Latency budgets decide what “intelligent” feels like
Benchmarks rarely capture waiting: humans build trust from partial results, predictable pacing, and recoverable failures.
Time to first token matters
Streaming tokens to the UI beats staring at a spinner—even when final quality is identical—because users can steer early. That shifts engineering priority toward prefill optimization, batching, and model routing: small models for “easy” turns, larger ones for complex reasoning. Token economics tie directly to token counts and context length.
Chains of tools amplify delay
Agents that call search, code execution, or enterprise APIs pay network and cold-start costs serially unless parallelized. Reliability strategies in tool-using agents must include latency budgets per hop, not only success rates.
Quantization trades quality margins for speed
On-device and edge inference often rely on reduced precision—see quantization—which can shift tail behavior. Fast-but-wrong is worse than slow-but-right for certain tasks; choose per workflow.
Energy and fairness
Latency intersects with who can afford to run systems at scale. Read energy as part of UX for why efficiency is an access issue, not only a climate one.
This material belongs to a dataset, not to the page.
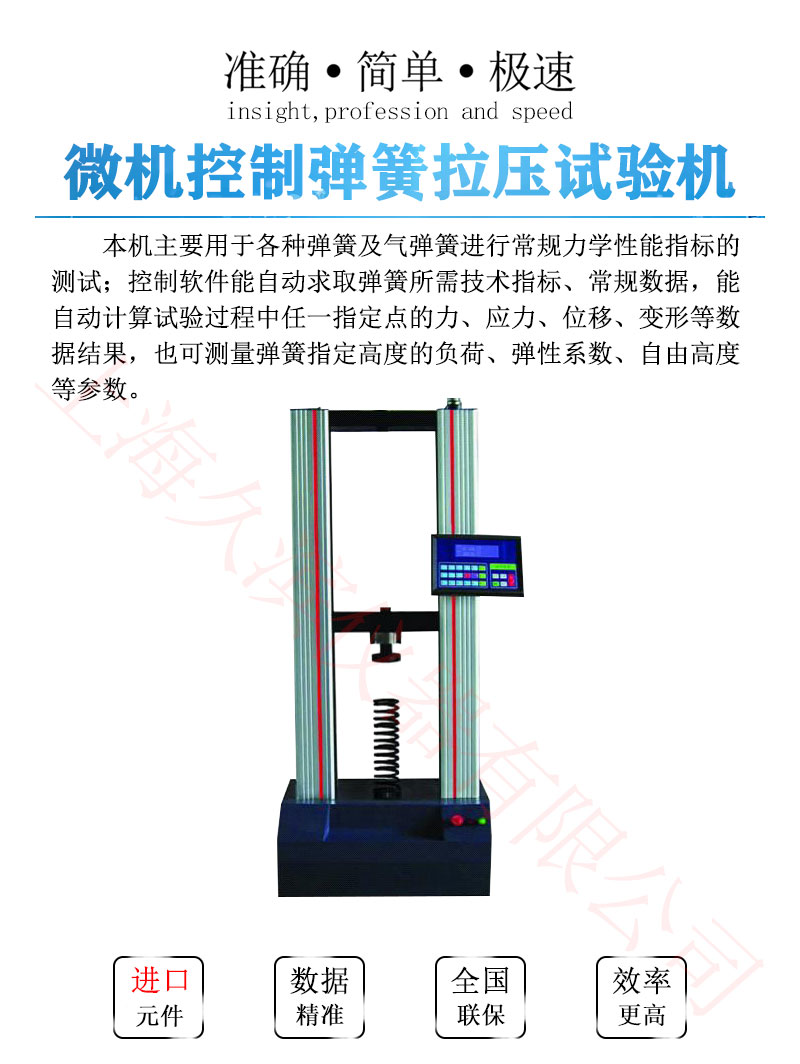 微機控制彈簧拉壓試驗機是按照國家標準規定的彈簧試驗規范而設計制造的專用測試設備。

Client-side buffering and perceived speed
Chunked HTTP responses, progressive rendering of markdown, and skeleton UIs improve perceived latency even when server time is fixed—important for mobile networks and for energy-constrained devices that throttle CPUs.
SLIs for AI features
Define service level indicators: p95 time-to-first-token, error rate on tool calls, and rollback triggers when latency regresses after a release. Traditional SRE practice applies; the novelty is stochastic generation length—budget for worst-case chains in agent flows.